_Task item_
Could you reproduce, word for word, everything below from the line containing "alte Ansichtskarte, gelaufen, Briefmarke" down to the line containing "A Városház téren, most", with both of those lines included and no others?

_Source material_
____

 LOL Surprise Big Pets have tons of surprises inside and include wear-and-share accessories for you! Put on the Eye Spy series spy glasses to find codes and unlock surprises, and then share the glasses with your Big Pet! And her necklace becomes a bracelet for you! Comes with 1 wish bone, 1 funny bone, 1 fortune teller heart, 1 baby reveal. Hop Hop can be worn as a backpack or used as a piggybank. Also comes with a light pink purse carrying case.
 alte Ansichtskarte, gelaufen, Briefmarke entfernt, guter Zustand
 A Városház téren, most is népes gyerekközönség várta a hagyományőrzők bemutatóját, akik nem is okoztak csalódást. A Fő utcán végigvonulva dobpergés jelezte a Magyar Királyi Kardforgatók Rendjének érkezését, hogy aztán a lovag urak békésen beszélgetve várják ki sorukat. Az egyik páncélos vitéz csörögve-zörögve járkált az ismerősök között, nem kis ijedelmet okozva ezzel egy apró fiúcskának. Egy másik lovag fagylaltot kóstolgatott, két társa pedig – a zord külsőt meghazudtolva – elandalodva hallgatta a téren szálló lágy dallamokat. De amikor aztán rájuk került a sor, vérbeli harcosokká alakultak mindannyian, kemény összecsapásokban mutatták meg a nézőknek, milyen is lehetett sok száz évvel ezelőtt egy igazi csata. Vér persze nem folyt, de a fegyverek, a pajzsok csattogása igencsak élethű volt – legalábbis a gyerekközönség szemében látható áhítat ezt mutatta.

____

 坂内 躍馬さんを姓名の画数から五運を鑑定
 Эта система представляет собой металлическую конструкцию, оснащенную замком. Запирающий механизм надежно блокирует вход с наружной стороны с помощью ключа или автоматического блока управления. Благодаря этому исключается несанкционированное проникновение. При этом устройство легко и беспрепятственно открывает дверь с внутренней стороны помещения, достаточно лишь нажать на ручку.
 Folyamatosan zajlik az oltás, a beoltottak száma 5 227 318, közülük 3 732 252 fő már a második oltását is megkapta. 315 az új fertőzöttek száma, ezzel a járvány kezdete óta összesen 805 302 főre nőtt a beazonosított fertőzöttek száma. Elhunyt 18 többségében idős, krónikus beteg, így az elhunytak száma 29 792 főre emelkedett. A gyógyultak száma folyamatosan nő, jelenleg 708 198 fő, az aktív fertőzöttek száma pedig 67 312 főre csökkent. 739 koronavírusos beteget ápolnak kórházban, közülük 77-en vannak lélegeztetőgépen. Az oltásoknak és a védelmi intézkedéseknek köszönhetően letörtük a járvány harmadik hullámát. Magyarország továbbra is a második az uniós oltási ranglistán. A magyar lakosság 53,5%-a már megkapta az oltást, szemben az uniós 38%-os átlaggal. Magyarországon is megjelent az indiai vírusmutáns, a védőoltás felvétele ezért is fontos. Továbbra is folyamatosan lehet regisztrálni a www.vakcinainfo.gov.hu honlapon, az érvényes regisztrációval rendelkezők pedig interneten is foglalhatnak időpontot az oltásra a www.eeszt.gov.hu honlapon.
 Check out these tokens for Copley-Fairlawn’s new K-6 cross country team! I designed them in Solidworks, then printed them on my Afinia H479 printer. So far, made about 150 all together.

____

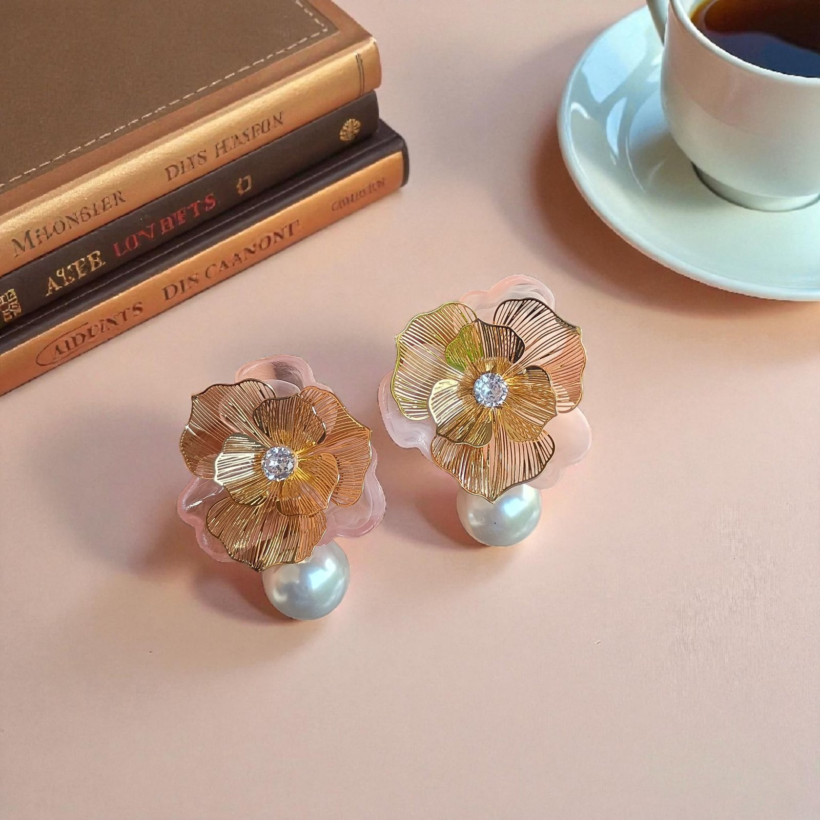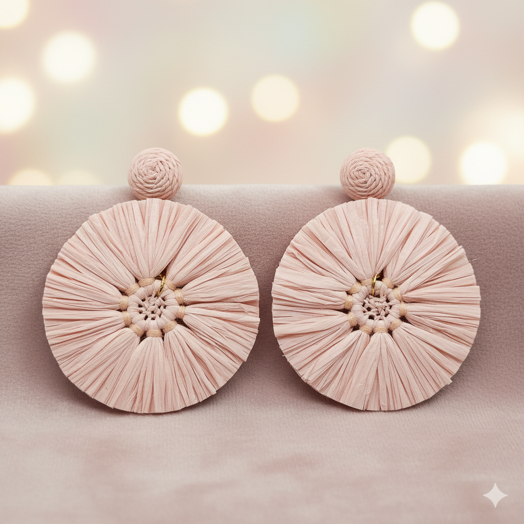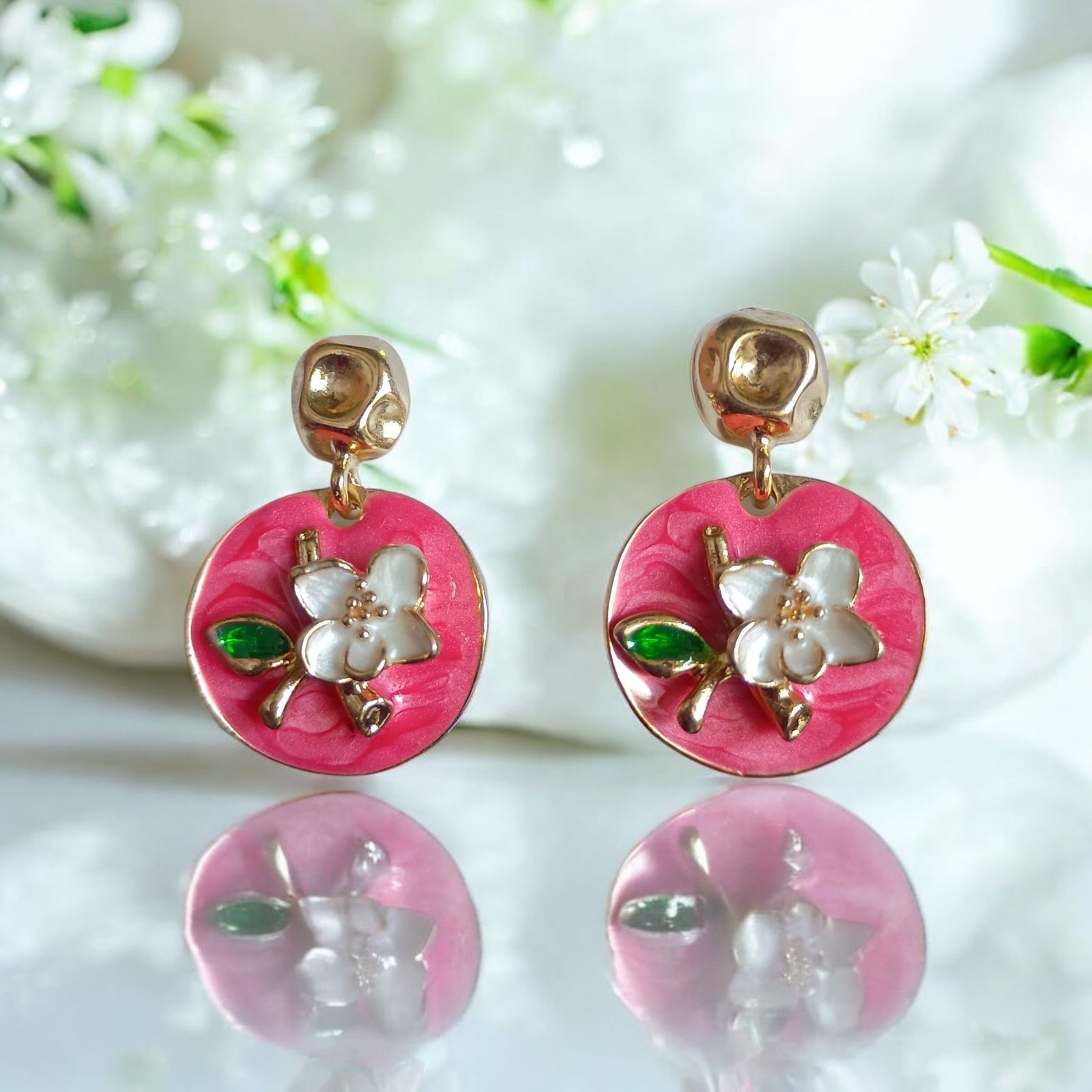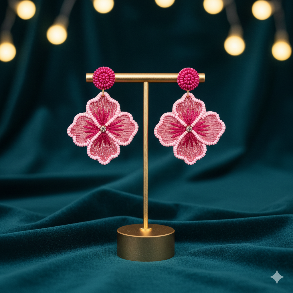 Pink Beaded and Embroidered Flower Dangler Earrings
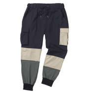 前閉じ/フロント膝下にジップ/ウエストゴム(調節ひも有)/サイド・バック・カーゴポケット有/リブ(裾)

____

_Response box_
 alte Ansichtskarte, gelaufen, Briefmarke entfernt, guter Zustand
 A Városház téren, most is népes gyerekközönség várta a hagyományőrzők bemutatóját, akik nem is okoztak csalódást. A Fő utcán végigvonulva dobpergés jelezte a Magyar Királyi Kardforgatók Rendjének érkezését, hogy aztán a lovag urak békésen beszélgetve várják ki sorukat. Az egyik páncélos vitéz csörögve-zörögve járkált az ismerősök között, nem kis ijedelmet okozva ezzel egy apró fiúcskának. Egy másik lovag fagylaltot kóstolgatott, két társa pedig – a zord külsőt meghazudtolva – elandalodva hallgatta a téren szálló lágy dallamokat. De amikor aztán rájuk került a sor, vérbeli harcosokká alakultak mindannyian, kemény összecsapásokban mutatták meg a nézőknek, milyen is lehetett sok száz évvel ezelőtt egy igazi csata. Vér persze nem folyt, de a fegyverek, a pajzsok csattogása igencsak élethű volt – legalábbis a gyerekközönség szemében látható áhítat ezt mutatta.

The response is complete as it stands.